Illegal Migrant Children Face Severe Welfare Crisis Amid South Africa Repatriation Efforts

Save the Children South Africa CEO Gugu Xaba highlights the urgent health, hygiene, and legal vulnerabilities facing families in Johannesburg.

JOHANNESBURG, SOUTH AFRICA — The ongoing South Africa repatriation of illegal migrants has triggered a severe child welfare crisis, with undocumented migrant children facing escalating health and safety risks. Gugu Xaba, CEO of Save the Children South Africa, has issued an urgent appeal regarding the deteriorating conditions of families caught in the deportation process, emphasizing that minors are bearing the heaviest burden of the immigration crackdown.

Speaking on the humanitarian fallout of the ongoing deportations, Xaba detailed the hazardous environments where families are currently being forced to congregate. Migrant parents and their children are gathering outside foreign diplomatic missions and in unstructured open fields while awaiting processing. According to the child welfare organization, these assembly points completely lack basic ablution facilities, creating severe sanitation and hygiene hazards. Furthermore, the absence of cooking infrastructure leaves families without a reliable means to prepare meals, directly threatening their nutritional security.

Xaba criticized the logistical planning behind the operations, noting that the South African and Malawian governments failed to establish clear, coordinated transport protocols. She argued that foreign embassies must take greater responsibility by capping the number of individuals they accept for transit and managing the financial costs of repatriation, rather than allowing massive crowds of vulnerable people to accumulate in unsafe conditions.

Beyond the physical dangers, the psychological and legal complexities of the crisis are profound. Many of the affected children were born on South African soil, have integrated into the local school system, and have no memory of their parents’ countries of origin. Xaba outlined a critical bureaucratic paradox complicating their protection: while the children’s births are officially registered, their parents remain undocumented.

If immigration authorities were to separate the child from the undocumented parent, the minor would legally be classified as an unaccompanied child—a status the government is currently ill-equipped to manage or assume guardianship for. Consequently, the system relies on the parents to regularize their own legal status to ensure the child remains in their care. Xaba stressed that parents must recognize their obligation to secure proper documentation, as their current legal limbo is directly disrupting their children’s education and future stability.

While thousands of families have already been sent back to their home countries, a significant number of undocumented migrants remain hidden within the country, actively evading law enforcement.

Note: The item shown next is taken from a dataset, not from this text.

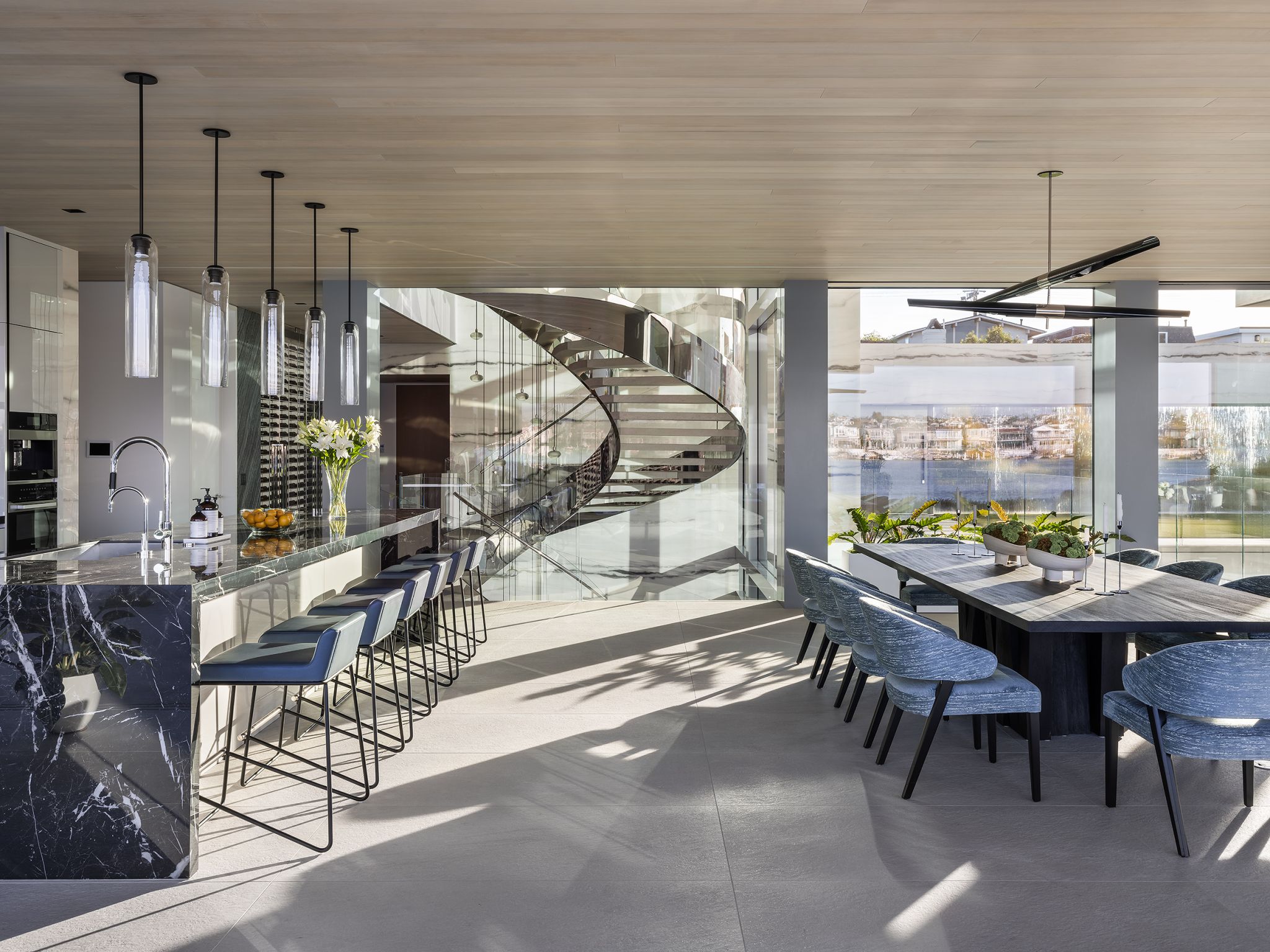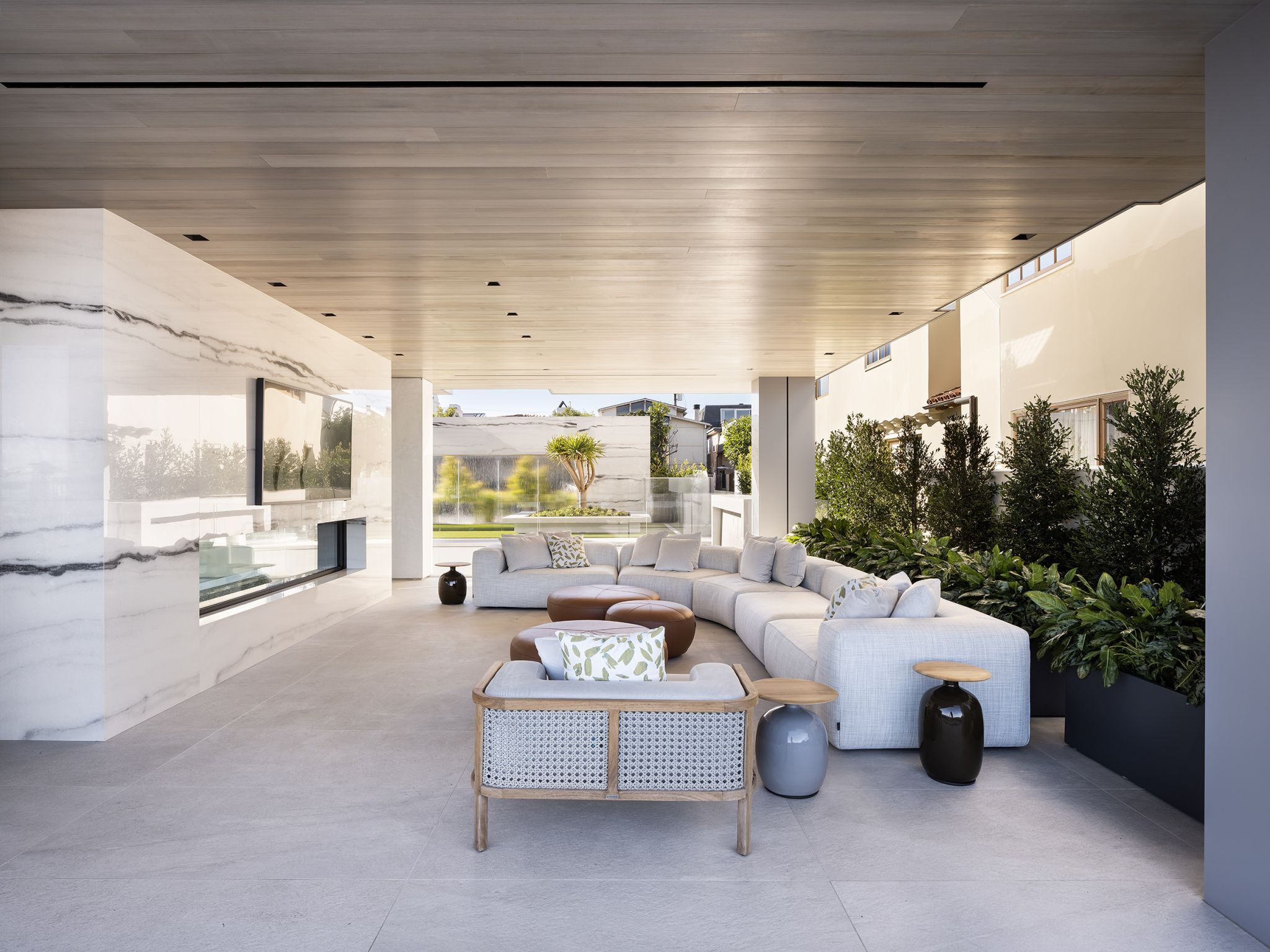 Balboa Peninsula runs parallel to the Pacific coast, just south of Newport Beach, enclosing a sound alive with pleasure boats. It’s a picturesque setting for waterfront homes—but most are generic structures squeezed onto narrow lots. When a young entrepreneur commissioned McClean Design to create a house on a rare triple lot, the vision was clear: a modern retreat for family and friends that made a bold architectural statement. With interior designer Lynda Murray, the client embraced an ambitious design that pushed the limits of scale, material, and transparency.

This pervasive climate of fear is having a paralyzing effect on daily life. Xaba reported that schools are seeing empty desks as terrified parents keep their children at home, and medical facilities are being actively avoided.

The economic impact of this evasion is starkly visible within the Alexandra area of Johannesburg. Many parents, who previously sustained their households as street vendors and micro-entrepreneurs, have been forced to abandon their small businesses to avoid detection. With their income streams severed, these families are facing acute food insecurity. In response, local community-based organizations have launched emergency feeding programs. Save the Children South Africa is actively partnering with these grassroots initiatives to supply food to households that can no longer feed themselves.

However, the most alarming consequence of this fear-driven evasion is the widespread avoidance of medical care. Xaba revealed that sick children are increasingly being kept in soup kitchen centers rather than being taken to professional medical facilities, as parents are too terrified of encountering authorities at hospitals. Delivering a grim warning, the CEO of Save the Children cautioned that if this paralyzing dread of the healthcare system persists, the country will inevitably face a tragic spike in preventable child mortality.